[WHAT TO DO] Two lines in the data below mark the range: the one with "対応機種:Google Pixel 10" and the one with "Pellyho domy v". Return both, along with every line between them, exactly.

[DATA FOR REVIEW]
============

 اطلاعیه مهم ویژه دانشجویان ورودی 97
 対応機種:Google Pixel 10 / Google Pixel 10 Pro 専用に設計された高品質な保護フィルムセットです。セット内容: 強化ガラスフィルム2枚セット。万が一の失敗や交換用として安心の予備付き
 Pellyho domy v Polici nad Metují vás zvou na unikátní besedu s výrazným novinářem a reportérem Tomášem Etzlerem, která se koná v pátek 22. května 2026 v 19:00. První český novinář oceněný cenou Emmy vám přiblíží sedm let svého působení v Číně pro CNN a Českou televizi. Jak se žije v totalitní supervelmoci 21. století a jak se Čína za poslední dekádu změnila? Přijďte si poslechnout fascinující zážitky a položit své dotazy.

============

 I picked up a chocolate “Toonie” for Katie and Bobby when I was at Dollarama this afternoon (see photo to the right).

============

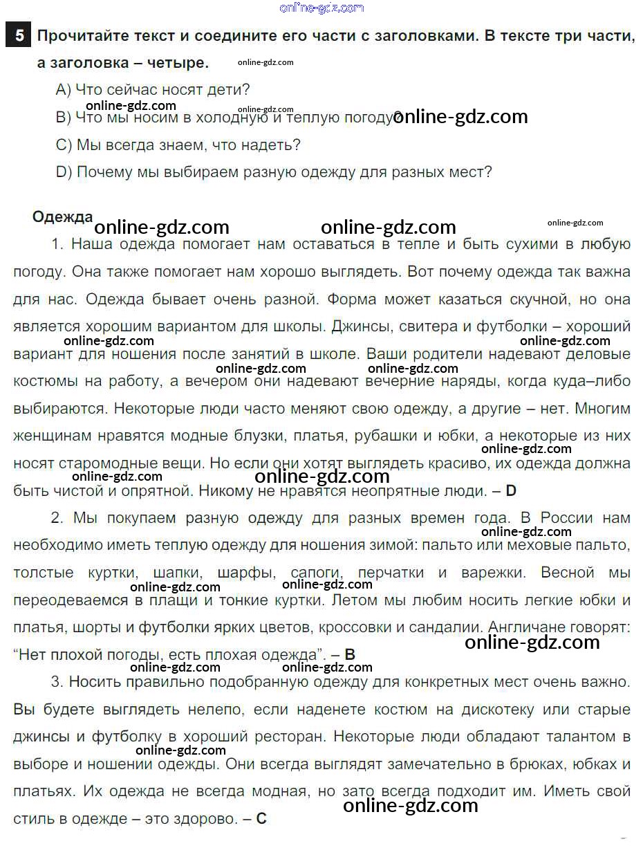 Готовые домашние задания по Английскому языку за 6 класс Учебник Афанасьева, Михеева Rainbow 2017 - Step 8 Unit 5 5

============

[OUTPUT FOR THIS EXERCISE]
 対応機種:Google Pixel 10 / Google Pixel 10 Pro 専用に設計された高品質な保護フィルムセットです。セット内容: 強化ガラスフィルム2枚セット。万が一の失敗や交換用として安心の予備付き
 Pellyho domy v Polici nad Metují vás zvou na unikátní besedu s výrazným novinářem a reportérem Tomášem Etzlerem, která se koná v pátek 22. května 2026 v 19:00. První český novinář oceněný cenou Emmy vám přiblíží sedm let svého působení v Číně pro CNN a Českou televizi. Jak se žije v totalitní supervelmoci 21. století a jak se Čína za poslední dekádu změnila? Přijďte si poslechnout fascinující zážitky a položit své dotazy.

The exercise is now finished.